INVESTMENT A VIRTUOUS CIRCLE

The panel agreed that this investment in training and quality service would be a virtuous circle but that it could take time and would need a collective movement from the industry to bring other businesses and customers along.

“Every single person sat around this table prides themselves on integrity and their professional brand and therefore, we invest in our own personal development and in the development of our teams,” Cigna chief distribution officer for Middle East and Africa Leah Cotterill said.

“For example, Cigna gives educational reimbursement programs of around $6,000 each year for each individual for whatever qualifications they want to do – I’ve got four people in my team doing MBAs.

“Consequently we then carry higher operating expenses because we do things right, like everyone else around this table, but the challenge is with the majority who don’t.

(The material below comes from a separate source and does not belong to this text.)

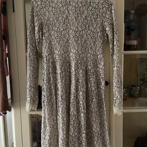 Kjolen er en blondekjole med lange ærmer samt elastik i taljen.

“As there is no requirement to do so, they continue in that circle and we then end up just focusing on the niche clients of the market, who think like us, who value the same things as we do.

“The challenge is how do we pull people out of that middle ground and encourage them in to this approach.

“I hate the idea of overregulation but things like this that help raise the quality probably also raises the price a little bit.

“It’s this whole concept where we’ve got a segment of the market who are doing the right thing and investing in the right things and bringing value and quality to like-minded buyers – how do we help expand that?”

This prompted encouraging words from one panellist that regulators would be willing to listen to industry voices but that representatives needed to be proactive to push the regulators to bring their proposed measures into action.

“As an ex-CEO of the Dubai Health Authority, I know how this government works,” said Health Beyond Borders CEO and founder Laila Al Jassmi.

“Now they have a lot of things in place and there are lots of things which we are not sometimes aware of, and there is a balance to be established.

“So approaching them, offering collaboration and helping to develop the standards, that can be one way of going forward and accelerating things faster.

“This is a tip that I can share with you because I was there for 23 years and I know how things have worked in the government.

“What I can say is that they will not approach you, but if you approach them, I don’t think you will get closed down.”